The Role and Regulation of Clearing Brokers-Revisited
The Business Lawyer, 2020
46 Pages Posted: 9 Sep 2020
Date Written: July 29, 2020
This article focuses on the liability of clearing brokers to introduced customers for the misconduct of their introducing firms. To delineate this liability, the article describes the distinct and separate responsibilities and functions of clearing and introducing firms in relation to transactions in introduced accounts. The article examines the key events that led Congress, in 1975, to mandate the U.S. Securities and Exchange Commission (“SEC”) to facilitate the establishment of a new and robust clearance and settlement system in the wake of the collapse of the prior, largely manual, system during the Paper Crunch crisis of the late 1960s and early 1970s as well as the resulting regulatory framework facilitated by the SEC between 1975 and 1982 that governs clearing brokers to this day.
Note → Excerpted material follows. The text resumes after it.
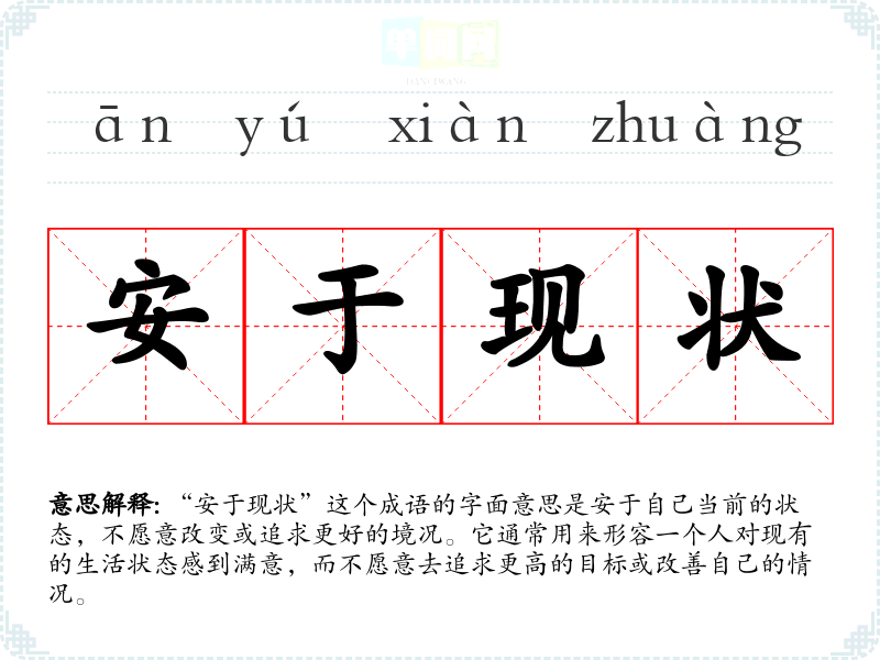 “安于现状”这个成语的字面意思是安于自己当前的状态,不愿意改变或追求更好的境况。它通常用来形容一个人对现有的生活状态感到满意,而不愿意去追求更高的目标或改善自己的情况。

The article discusses the specific SEC and securities industry rules that form the core of this regulatory framework, which has guided the prevailing case-law on the liability of clearing brokers. The article also examines the more recent theories of clearing broker liability under the Bankruptcy Code and under state blue sky laws — theories that diverge from and conflict with prevailing case-law. The article briefly discusses why claimants in arbitration seem to have a higher success rate against clearing brokers than plaintiffs do in court with respect to the same or similar claims. The article concludes with the observation that conflicting standards of conduct and liability in the area of clearing broker regulation and case-law are fundamentally undesirable and that such conflicts should be mitigated or eliminated in deference to the federal regulatory framework established between 1975 and 1982 and refined and strengthened to date.